- Opening Delimiter -

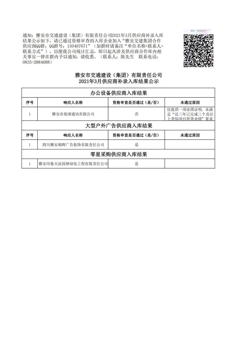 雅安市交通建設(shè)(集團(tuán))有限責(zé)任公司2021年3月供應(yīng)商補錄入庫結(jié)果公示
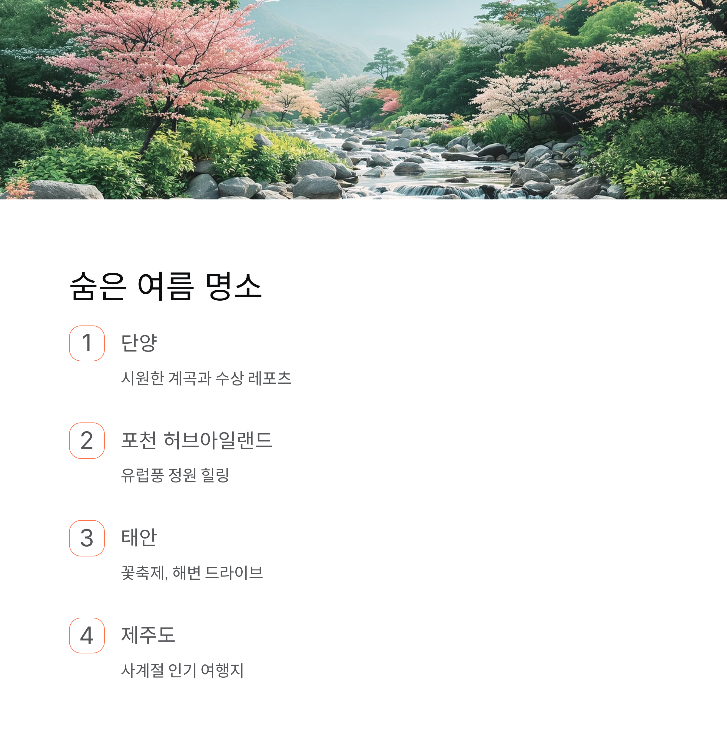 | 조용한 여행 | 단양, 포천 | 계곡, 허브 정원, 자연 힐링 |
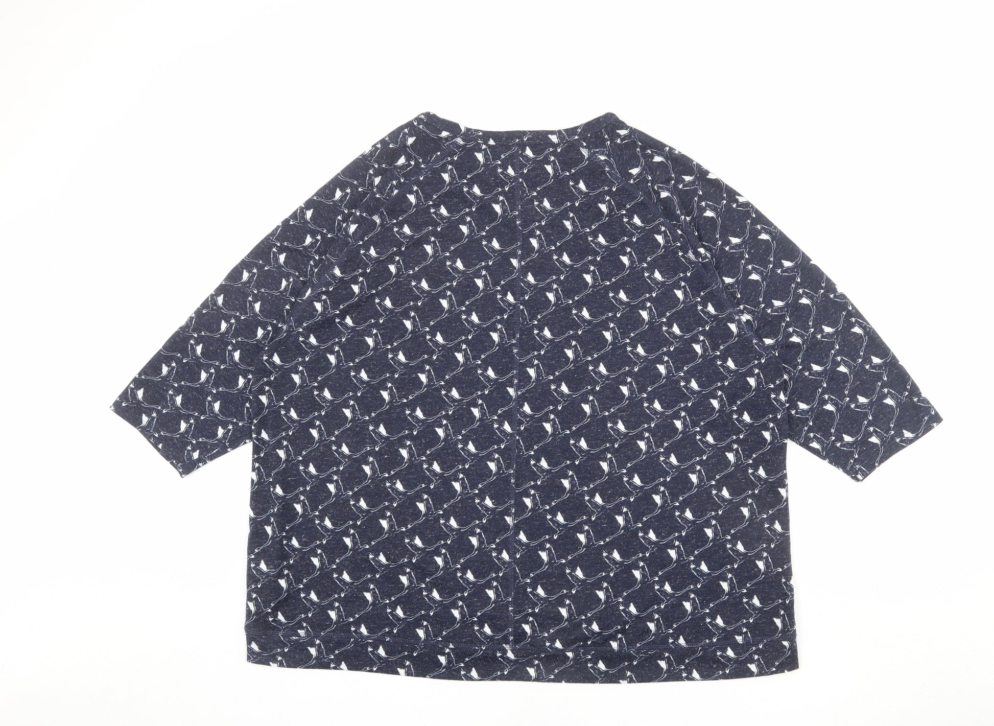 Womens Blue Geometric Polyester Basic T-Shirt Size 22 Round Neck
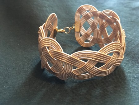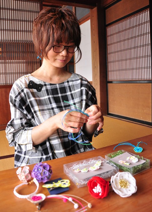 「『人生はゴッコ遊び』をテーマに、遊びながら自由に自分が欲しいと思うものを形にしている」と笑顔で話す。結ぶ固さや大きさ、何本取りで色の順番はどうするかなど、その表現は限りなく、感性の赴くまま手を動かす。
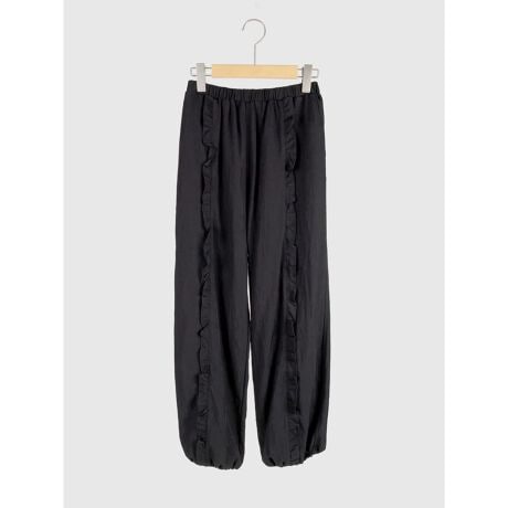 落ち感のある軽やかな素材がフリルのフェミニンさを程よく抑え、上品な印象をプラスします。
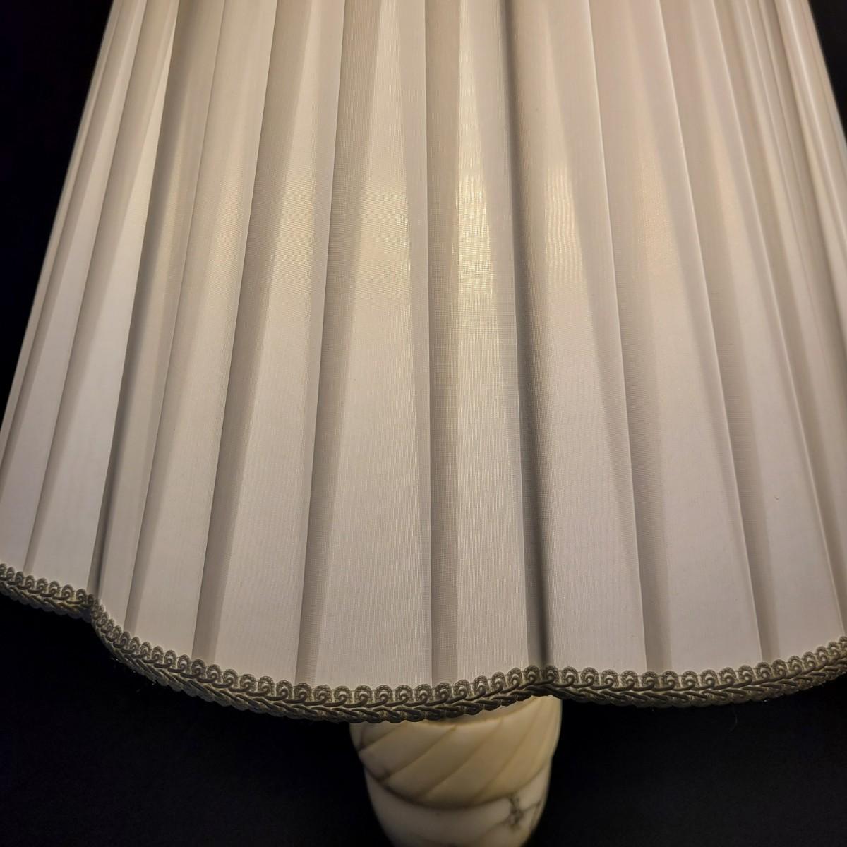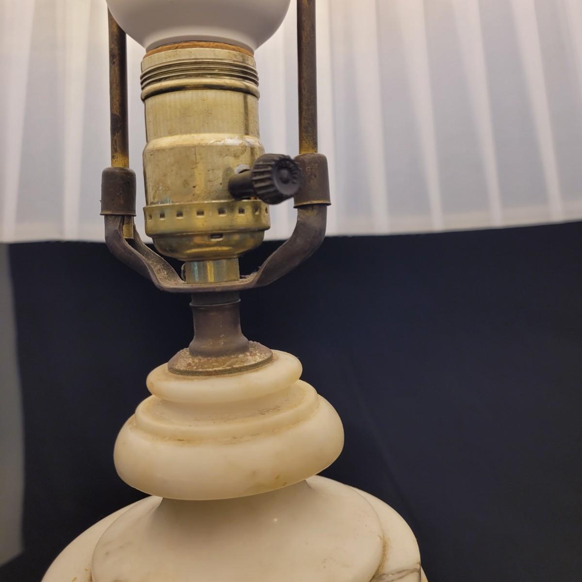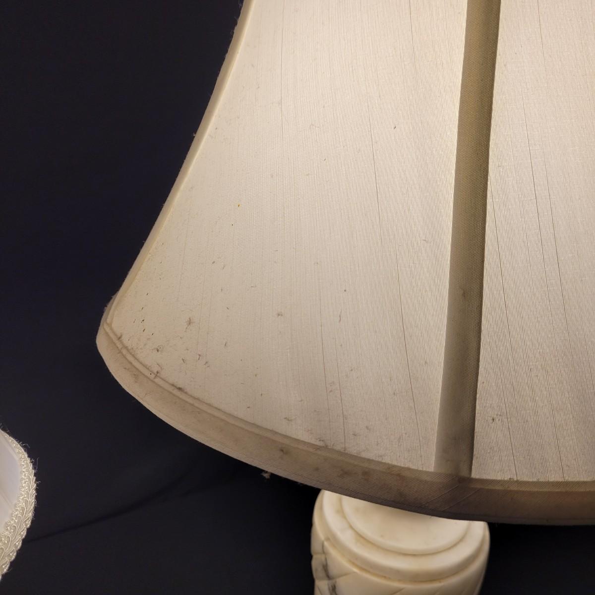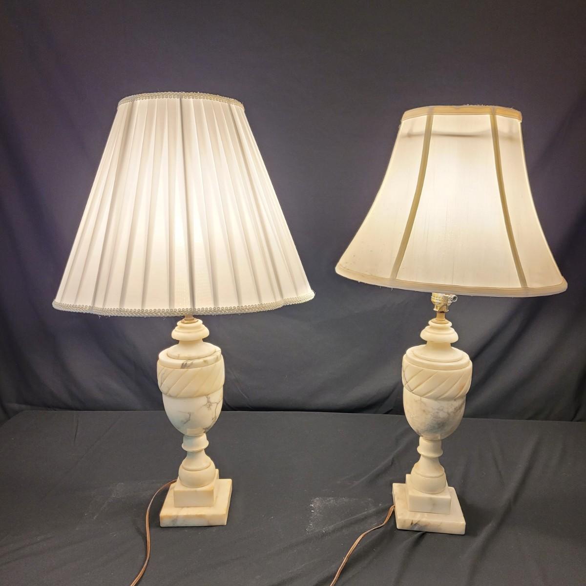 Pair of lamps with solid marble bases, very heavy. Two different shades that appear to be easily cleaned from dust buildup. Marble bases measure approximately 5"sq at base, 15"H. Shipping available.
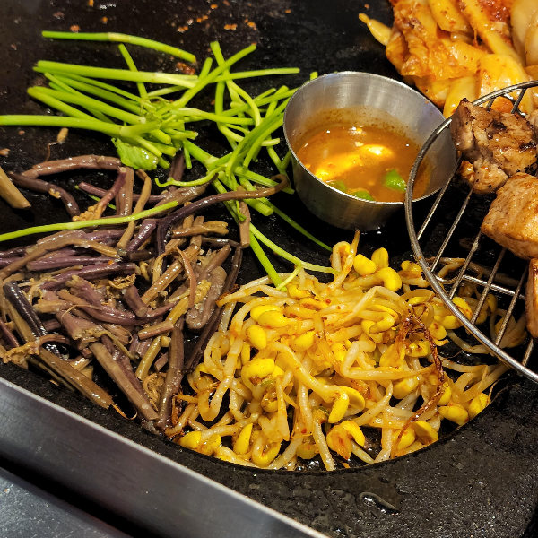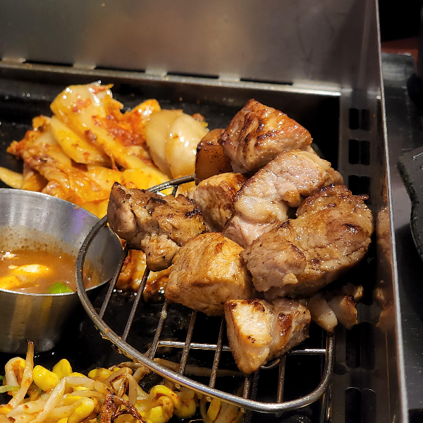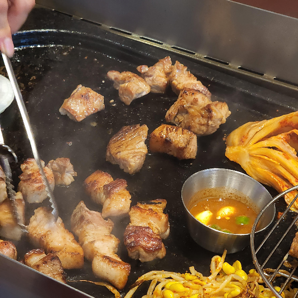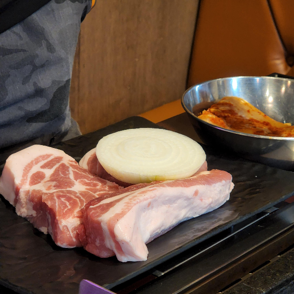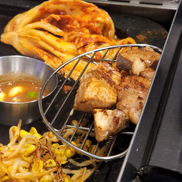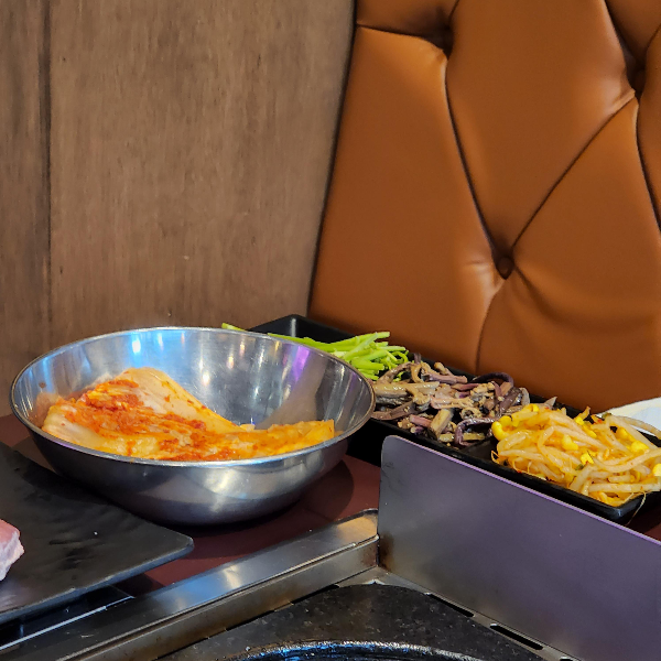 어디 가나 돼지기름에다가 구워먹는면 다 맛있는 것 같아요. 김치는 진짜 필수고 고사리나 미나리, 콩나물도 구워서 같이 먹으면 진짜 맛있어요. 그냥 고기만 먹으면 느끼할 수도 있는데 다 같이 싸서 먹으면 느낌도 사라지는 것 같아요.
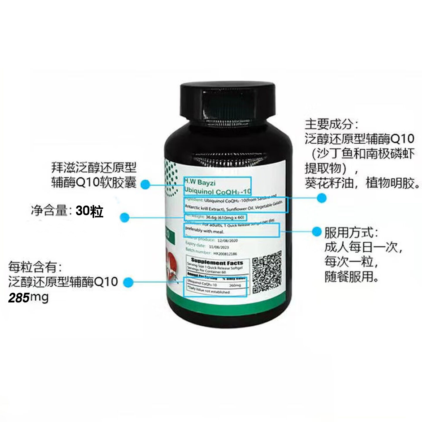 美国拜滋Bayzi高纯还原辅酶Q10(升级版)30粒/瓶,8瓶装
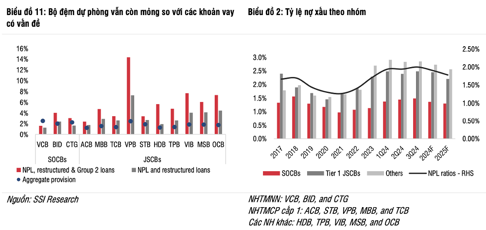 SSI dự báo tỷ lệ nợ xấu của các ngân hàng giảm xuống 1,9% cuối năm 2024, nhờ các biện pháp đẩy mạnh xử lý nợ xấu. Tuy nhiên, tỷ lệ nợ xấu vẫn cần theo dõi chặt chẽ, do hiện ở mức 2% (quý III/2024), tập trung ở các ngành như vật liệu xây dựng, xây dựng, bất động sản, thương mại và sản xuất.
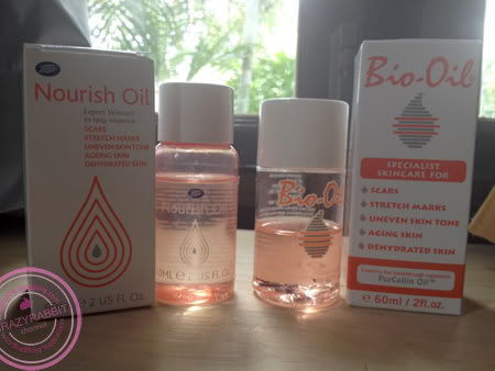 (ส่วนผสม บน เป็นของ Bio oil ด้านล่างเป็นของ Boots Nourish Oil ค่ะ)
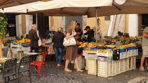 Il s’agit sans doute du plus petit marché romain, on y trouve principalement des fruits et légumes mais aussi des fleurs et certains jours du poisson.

- Closing Delimiter -

→ **Exercise requirements**
Emit the lines of the material exactly, from its first line to the line containing "Pair of lamps", inclusive; leave every picture out.

→ **Task result**
 雅安市交通建設(shè)(集團(tuán))有限責(zé)任公司2021年3月供應(yīng)商補錄入庫結(jié)果公示
 | 조용한 여행 | 단양, 포천 | 계곡, 허브 정원, 자연 힐링 |
 Womens Blue Geometric Polyester Basic T-Shirt Size 22 Round Neck
 「『人生はゴッコ遊び』をテーマに、遊びながら自由に自分が欲しいと思うものを形にしている」と笑顔で話す。結ぶ固さや大きさ、何本取りで色の順番はどうするかなど、その表現は限りなく、感性の赴くまま手を動かす。
 落ち感のある軽やかな素材がフリルのフェミニンさを程よく抑え、上品な印象をプラスします。
 Pair of lamps with solid marble bases, very heavy. Two different shades that appear to be easily cleaned from dust buildup. Marble bases measure approximately 5"sq at base, 15"H. Shipping available.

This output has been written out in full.